Could the records be returned exactly, with the pictures left out?

MATERIAL FOR THIS EXERCISE.
========
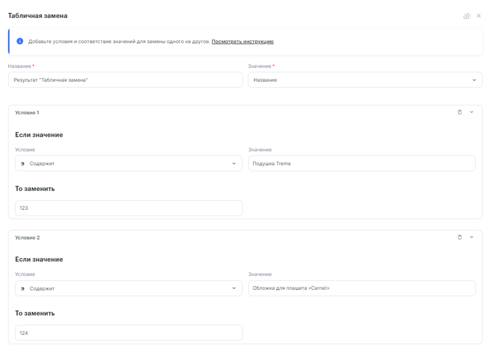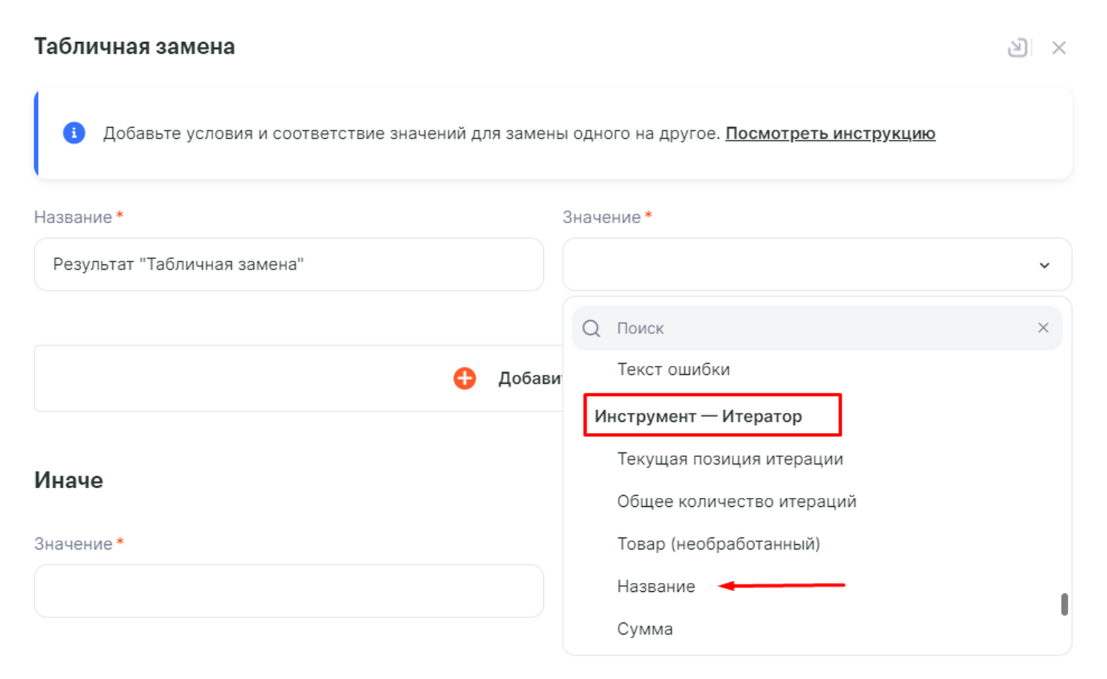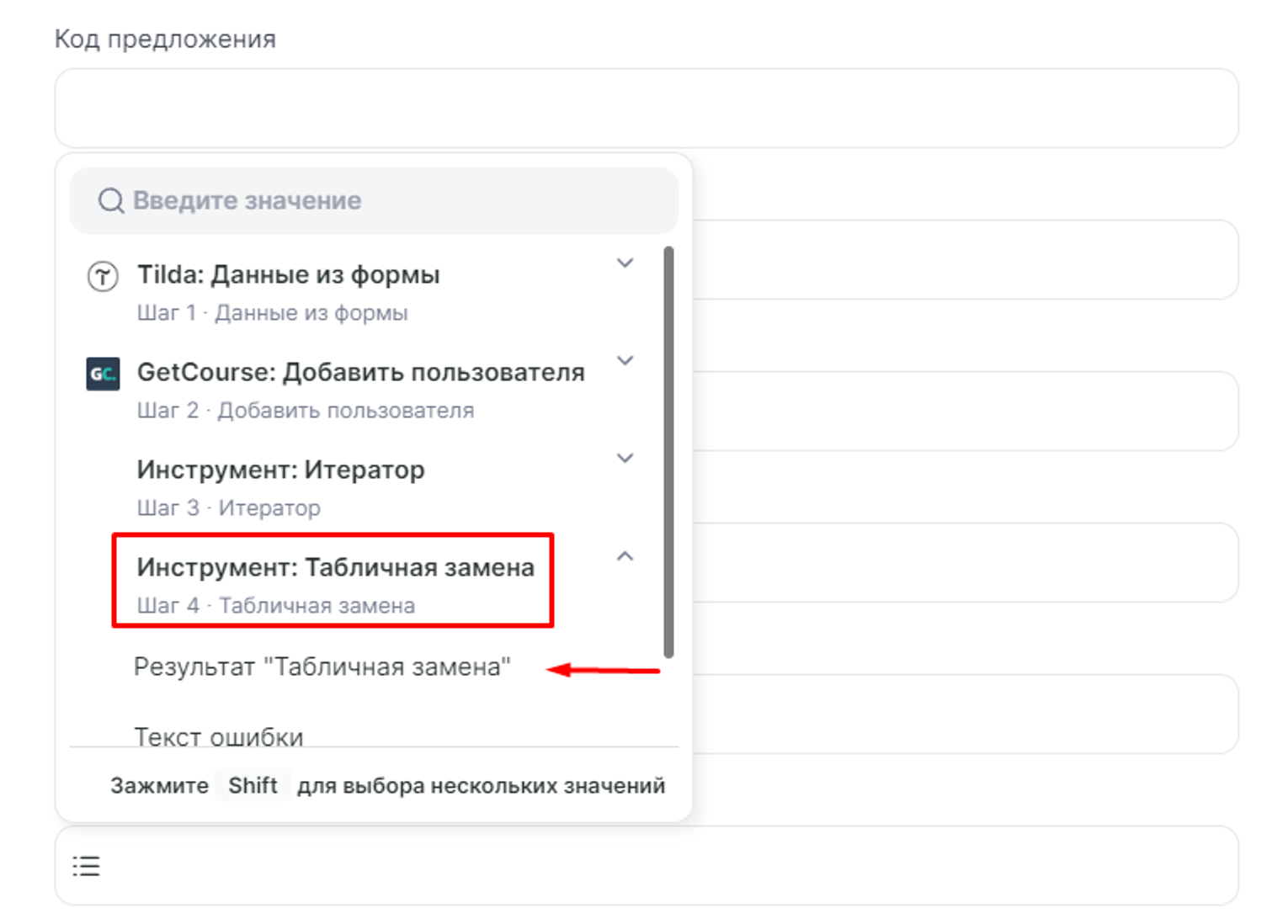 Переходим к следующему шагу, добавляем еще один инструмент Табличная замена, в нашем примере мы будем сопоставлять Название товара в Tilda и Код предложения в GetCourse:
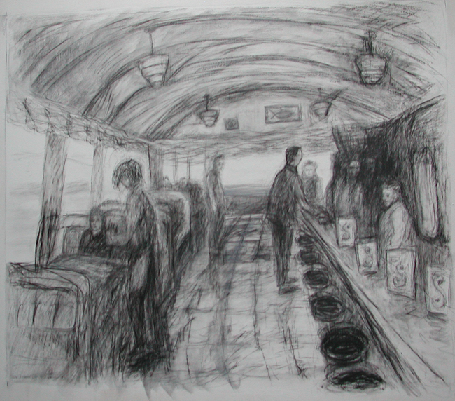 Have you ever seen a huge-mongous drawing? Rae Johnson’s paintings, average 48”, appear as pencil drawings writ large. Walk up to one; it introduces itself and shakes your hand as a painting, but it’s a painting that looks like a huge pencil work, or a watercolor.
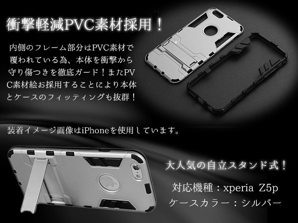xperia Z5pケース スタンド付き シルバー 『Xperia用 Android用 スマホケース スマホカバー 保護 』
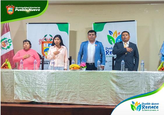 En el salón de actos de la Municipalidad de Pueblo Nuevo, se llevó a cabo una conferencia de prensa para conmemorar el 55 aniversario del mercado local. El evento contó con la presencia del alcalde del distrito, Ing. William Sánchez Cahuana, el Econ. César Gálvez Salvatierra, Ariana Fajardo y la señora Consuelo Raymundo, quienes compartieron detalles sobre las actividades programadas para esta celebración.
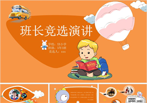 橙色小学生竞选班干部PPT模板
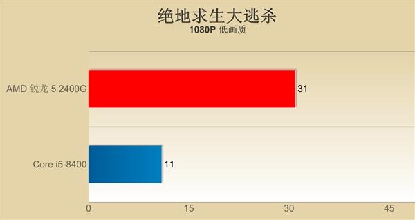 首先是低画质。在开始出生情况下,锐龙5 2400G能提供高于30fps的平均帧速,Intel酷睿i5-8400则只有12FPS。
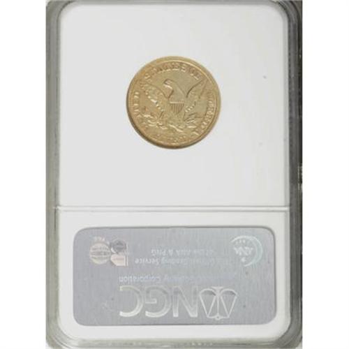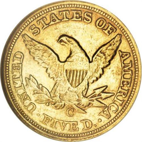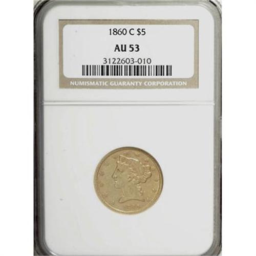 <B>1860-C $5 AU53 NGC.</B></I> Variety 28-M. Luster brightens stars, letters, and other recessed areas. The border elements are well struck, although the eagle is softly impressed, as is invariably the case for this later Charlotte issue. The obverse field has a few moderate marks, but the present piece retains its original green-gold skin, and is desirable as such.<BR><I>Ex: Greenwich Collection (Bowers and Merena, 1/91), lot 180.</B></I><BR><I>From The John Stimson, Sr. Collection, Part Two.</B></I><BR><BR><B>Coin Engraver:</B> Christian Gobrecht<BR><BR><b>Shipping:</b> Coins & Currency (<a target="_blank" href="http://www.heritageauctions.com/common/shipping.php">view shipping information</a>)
========
ANSWER SPACE.
 Переходим к следующему шагу, добавляем еще один инструмент Табличная замена, в нашем примере мы будем сопоставлять Название товара в Tilda и Код предложения в GetCourse:
 Have you ever seen a huge-mongous drawing? Rae Johnson’s paintings, average 48”, appear as pencil drawings writ large. Walk up to one; it introduces itself and shakes your hand as a painting, but it’s a painting that looks like a huge pencil work, or a watercolor.
xperia Z5pケース スタンド付き シルバー 『Xperia用 Android用 スマホケース スマホカバー 保護 』
 En el salón de actos de la Municipalidad de Pueblo Nuevo, se llevó a cabo una conferencia de prensa para conmemorar el 55 aniversario del mercado local. El evento contó con la presencia del alcalde del distrito, Ing. William Sánchez Cahuana, el Econ. César Gálvez Salvatierra, Ariana Fajardo y la señora Consuelo Raymundo, quienes compartieron detalles sobre las actividades programadas para esta celebración.
 橙色小学生竞选班干部PPT模板
 首先是低画质。在开始出生情况下,锐龙5 2400G能提供高于30fps的平均帧速,Intel酷睿i5-8400则只有12FPS。
 <B>1860-C $5 AU53 NGC.</B></I> Variety 28-M. Luster brightens stars, letters, and other recessed areas. The border elements are well struck, although the eagle is softly impressed, as is invariably the case for this later Charlotte issue. The obverse field has a few moderate marks, but the present piece retains its original green-gold skin, and is desirable as such.<BR><I>Ex: Greenwich Collection (Bowers and Merena, 1/91), lot 180.</B></I><BR><I>From The John Stimson, Sr. Collection, Part Two.</B></I><BR><BR><B>Coin Engraver:</B> Christian Gobrecht<BR><BR><b>Shipping:</b> Coins & Currency (<a target="_blank" href="http://www.heritageauctions.com/common/shipping.php">view shipping information</a>)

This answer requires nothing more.